定評のあるオラモとフィンランド放送響のコンビを聴いたのは今回が初めてでしたが、思っていたよりもはるかに力強く、またどこか粗さも感じさせるほどエネルギッシュな音楽を聴かせてくれました。まさに煽り立てるようなオラモの指揮によるものなのか、金管は吼え、時にティンパニは雷鳴の如く響き渡ります。そしてヴァイオリンは冷ややかでありながらも音に厚みがあり、コントラバスは殆どゴリゴリとうなるほど鈍く轟きました。もちろんそんな中でも、例えばシベリウスの第2番の冒頭の主題などで、その独特なリズムと響き(何やら大地がうごめくような律動を持ち、それでいて木立に風が駆け抜けるような感覚を思います。)が実現されているのです。シベリウスの語り口は既に十全に内包された上で、さらにそこから放たれる強い情熱を感じさせる演奏だったとも言えるのではないでしょうか。純度の高い美感や合奏の精度よりも、その表現の志向や音楽を超えた意思が追求されています。第4楽章にて歌われる高らかな讃歌が、あれほど激しく、またドロドロとうねるように鳴っていたのには驚かされました。ここに、北欧の風を感じるような冷ややかなシベリウス像はなく、むしろシューマンのシンフォニーがさらに破滅的に解体されたような、極めて主観的な音楽が生み出されています。シベリウスを聴いて、その響きにどこか背筋が寒くなるような薄気味悪さを感じたのは初めてです。少なくとも有りがちなシベリウスのイメージは吹き飛んでいました。
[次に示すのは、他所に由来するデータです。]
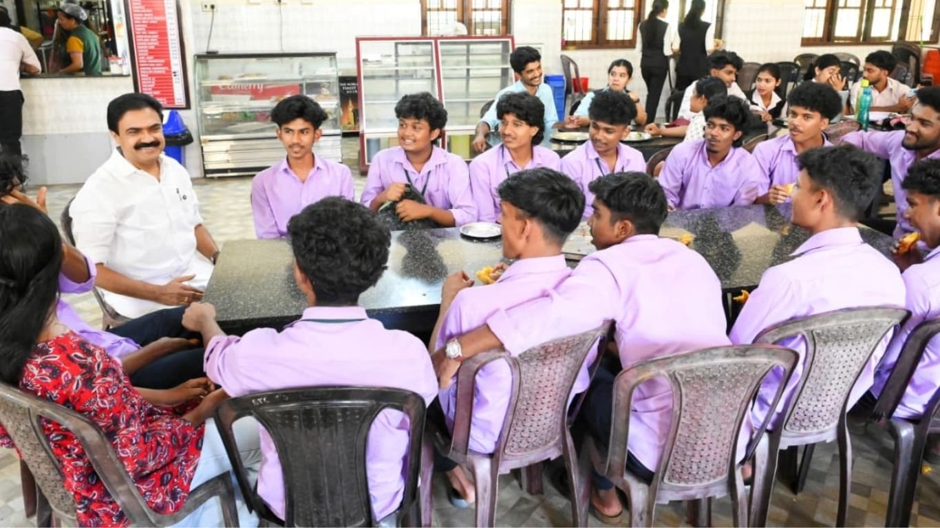പിന്നീട് പാലാ സെൻറ് തോമസ് കോളേജ് ക്യാമ്പസിൽ.ജോസ് കെ മാണിയെ കണ്ടയുടൻ ക്യാമ്പസിൽ കൂട്ടം കൂടി നിന്ന വിദ്യാർഥികൾ ആവേശത്തോടെ അദ്ദേഹത്തിൻ്റെ അടുത്തേക്ക് ഓടിയെത്തി. അവർ അദ്ദേഹത്തെ കോളേജിന്റെ പല ഭാഗങ്ങളിലേക്ക് കൊണ്ടുപോവുകയും സഹപ്രവർത്തകരെ പരിചയപ്പെടുത്തുകയും ചെയ്തു.പിന്നീട് വിദ്യാർഥികളുമായി നേരെ ക്യാന്റീനിലെത്തി. അവരോടൊപ്പം അവിടെയിരുന്ന് ലഘു ഭക്ഷണം കഴിച്ച് വിശദമായ സംസാരം.
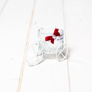 Adaugă un strop de eleganță și rafinament evenimentului tău cu această mărturie bicicletă din sârmă albă, ideală pentru nunți, botezuri și evenimente speciale. Designul delicat și materialele de calitate transformă această mărturie handmade într-un suvenir perfect pentru invitați.

フリューゲルホルンの名手、ナカリャコフを迎えての変奏曲は、全く危なげのない充実した演奏です。ここでは、さすがのオラモもシベリウスで見せるような情熱を控え、ひたすらナカリャコフのサポートに徹します。フィンランド放送響は、ピアニッシモでも比較的響きが強いオーケストラです。単にか弱い音になるのではなく、しっかりとした音の面を構築してホルンを支えていました。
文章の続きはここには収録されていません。